Problem to solve -> Line by line, give the data again exactly as it appears, but without pictures.

Data shown ->
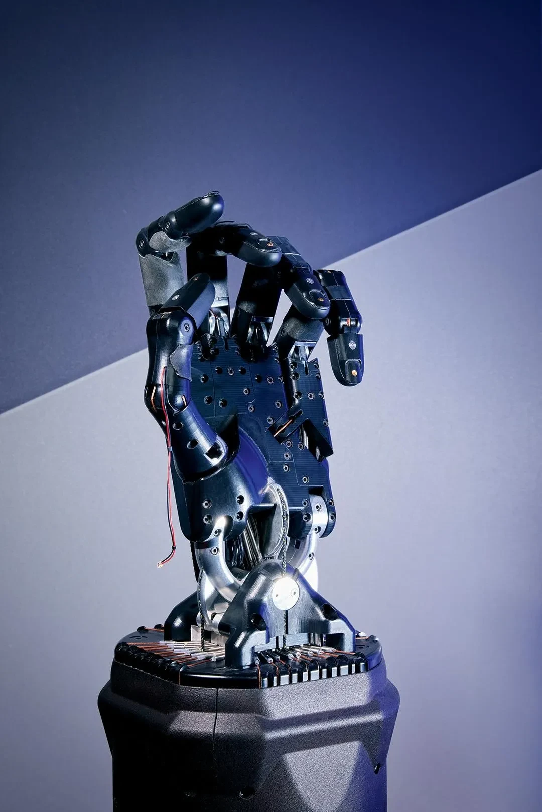 Pilotní dlaň | Mezi Altmanovými artefakty najdete i tuhle robotickou ruku. V OpenAI ji sestrojili proto, aby naučili umělou inteligenci složit Rubikovu kostku. „Byla to neuvěřitelně křehká záležitost,“ vzpomíná Altman, „ty šlachy v ní praskaly v jednom kuse.“
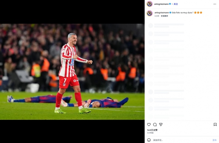 赛后格列兹曼晒出庆祝照,背景是出局后瘫倒的巴萨球员。格列兹曼同时写道:“这张照片太狠了?”
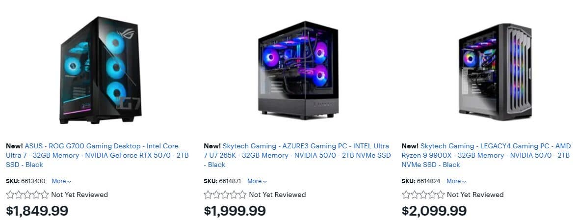 Пока что самый доступный компьютер с RTX 5070 имеет цену в 1850 долларов. Это немало, учитывая, что сама карта стоит от 550 долларов, но тут стоит сказать, что это ПК Asus ROG G700, так что это явно будет далеко не самый доступный вариант с оговариваемой видеокартой. Да и процессор тут — Core Ultra 7 нового поколения.

Output of the task ->
 Pilotní dlaň | Mezi Altmanovými artefakty najdete i tuhle robotickou ruku. V OpenAI ji sestrojili proto, aby naučili umělou inteligenci složit Rubikovu kostku. „Byla to neuvěřitelně křehká záležitost,“ vzpomíná Altman, „ty šlachy v ní praskaly v jednom kuse.“
 赛后格列兹曼晒出庆祝照,背景是出局后瘫倒的巴萨球员。格列兹曼同时写道:“这张照片太狠了?”
 Пока что самый доступный компьютер с RTX 5070 имеет цену в 1850 долларов. Это немало, учитывая, что сама карта стоит от 550 долларов, но тут стоит сказать, что это ПК Asus ROG G700, так что это явно будет далеко не самый доступный вариант с оговариваемой видеокартой. Да и процессор тут — Core Ultra 7 нового поколения.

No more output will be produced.